Exposed beams, an ancient door and a cave dating to the Middle Ages: this seems like an unlikely setting for a Paris restaurant serving ultracontemporary Franco-Japanese fare, yet somehow it all works. Upstairs is an elegant, classic dining room, but downstairs in the “salle japonaise” you’ll be asked to remove your shoes for a seat at one of the sunken tables. In the hands of lesser restaurateurs, this would feel like two different establishments, but at Sola, the transition is seamless. The same can be said for the food. To call this cooking fusion doesn’t seem quite right. This is not an East-meets-West mash-up but a distinct, organic style all its own. Most of the ingredients are French; some are Japanese; all are treated in a way that feels born of both cultures, neither contrived nor derived.

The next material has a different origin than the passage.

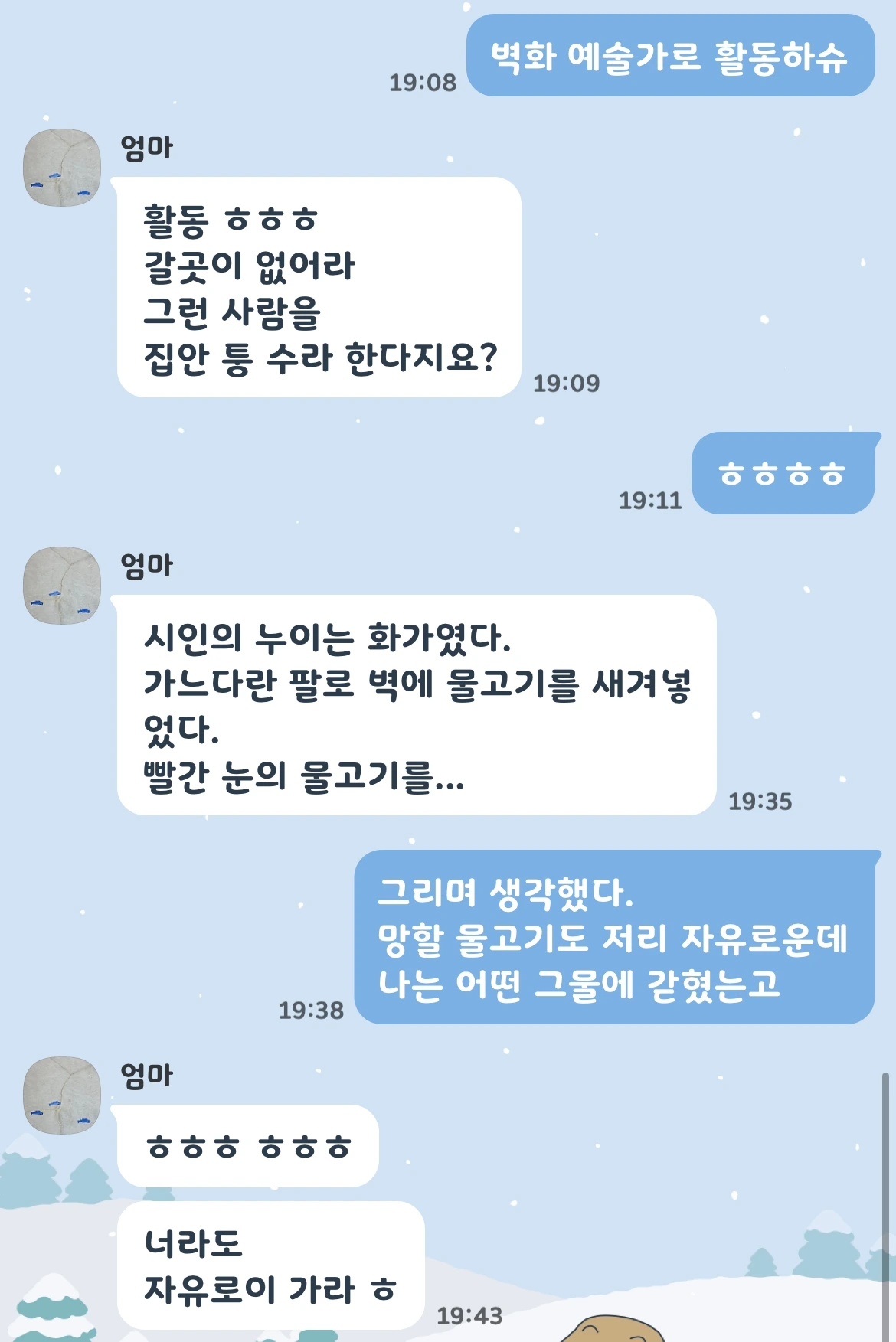 신기했다. 엄마가 그린 벽화가 엄마가 없던 소녀의 추운 겨울을 떠올리게 만들다니. 참 시렸겠다. 슬프기도 했겠지. 알 수 없는 감정이 나를 스쳐 지나간다. 하지만 이마저도 오래가지 못했다. 그런 내 마음을 또 귀신처럼 알아 차린 엄마는 벽에 그림을 그릴 생각에 처음으로 설레어 밤잠을 설쳤다고 메시지를 보낸다.

We chose the five-course, no-choice tasting menu. A morsel of marinated anchovy perched on a thin crisp—potato?—was a fine amuse-bouche, salty and mouthwatering. Another teaser, a small bowl of pumpkin soup garnished with mascarpone and speculoos crumbs, was almost dessert. The sweet theme continued with a shrimp tartare, served with lemongrass granité and carrot in three forms: whole, as sunshine-colored meringue crisps and in airy dollops of cream. Miso-caramelized foie gras was almost like a crème brûlée, silky smooth with a crunchy glaze, sitting on a finger of toasted brioche.
Next, spears of baby corn tempura were served with lightly charred kernels, black trumpet mushrooms, sliced black truffle and a chestnut purée. This dish was packed with autumnal umami, balanced by the sweetness of the corn, and utterly delicious. The fish course was a plump little piece of bar (sea bass) served with thin coins of pattypan squash, green and yellow, and shaved ribbons of hearts of palm. Finally, we had crisp-skinned pintade (guinea fowl) served with more mushrooms, tight florets of roasted cauliflower and a nutty sunchoke purée.